I put my creative work first, period, and I'm an independent woman who's not looking for a heavy, one-on-one relationship just now, or to "settle down." What I AM looking for is some fun--mutual attraction and crushes with delicious men with whom I can be friends, collaborators, and partners-in-crime.

I think that it's healthy and laudable to seek fulfillment in the life areas governed by our sun signs, and our lives are much richer if we are fulfilled on those areas. For a 4th house person/Cancer that's home and family, for a Sag it's deep philosophy, travel, higher learning and exploration, for a Pisces it's spirituality, dreams, altered consciousness and merging with the universe.

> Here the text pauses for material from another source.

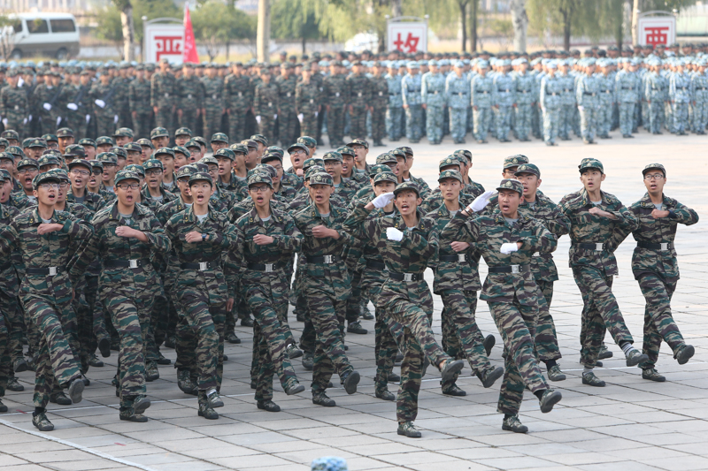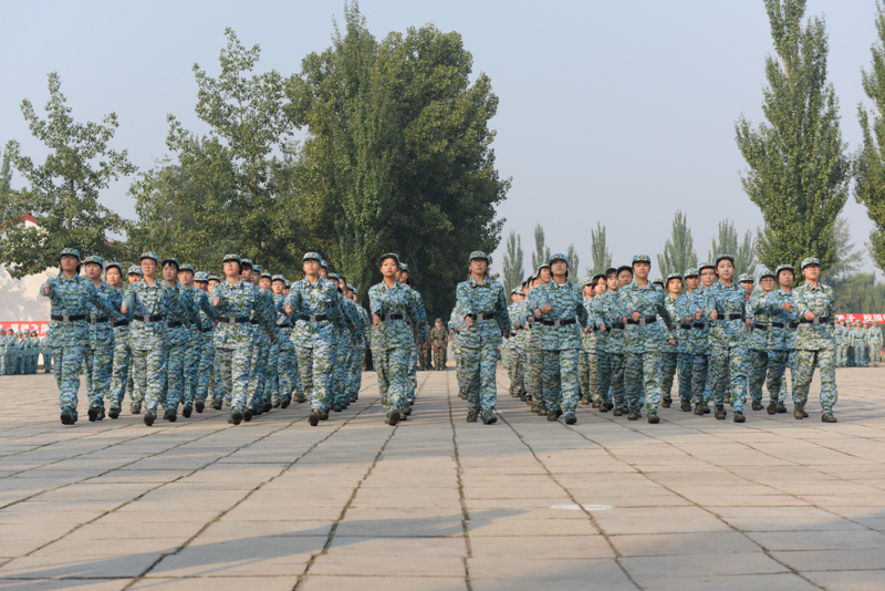 上午8時結業典禮正式拉開序幕。在八一軍旗的率領下,踏著《中國人民解放軍軍歌》的節拍,29個方陣邁著整齊劃一的步伐依次通過觀禮臺接受檢閱。他們精神抖擻,聲音洪亮,用挺拔的軍姿、整齊的軍容、昂揚的口號向眾人展現了莘莘學子奮發拼搏的風采和勇往直前的精神。

For a Leo like me, creativity, romance, pleasure, fun, the arts, children and play are the priorities. Without those areas fulfilled, a Leo woman can't find full and rich self-expression.

(I'm also a very 8th house person, fascinated by deeper truths, psychoanalysis, research, transformation, death, mythology and sexuality, so if something seems like it might be a widespread sociological phenomenon, I'm always interested in knowing how and why.)

It bothers me when people get judgemental and moralistic about the search for exciting mutual crushes and romantic stimulation. Those are deeply fulfilling, thrilling areas of life for many people, and I don't think seeking them out is less valuable than seeking out fulfillment in other areas, like work or friendship.

I appreciate the responses where people have shared personal experiences.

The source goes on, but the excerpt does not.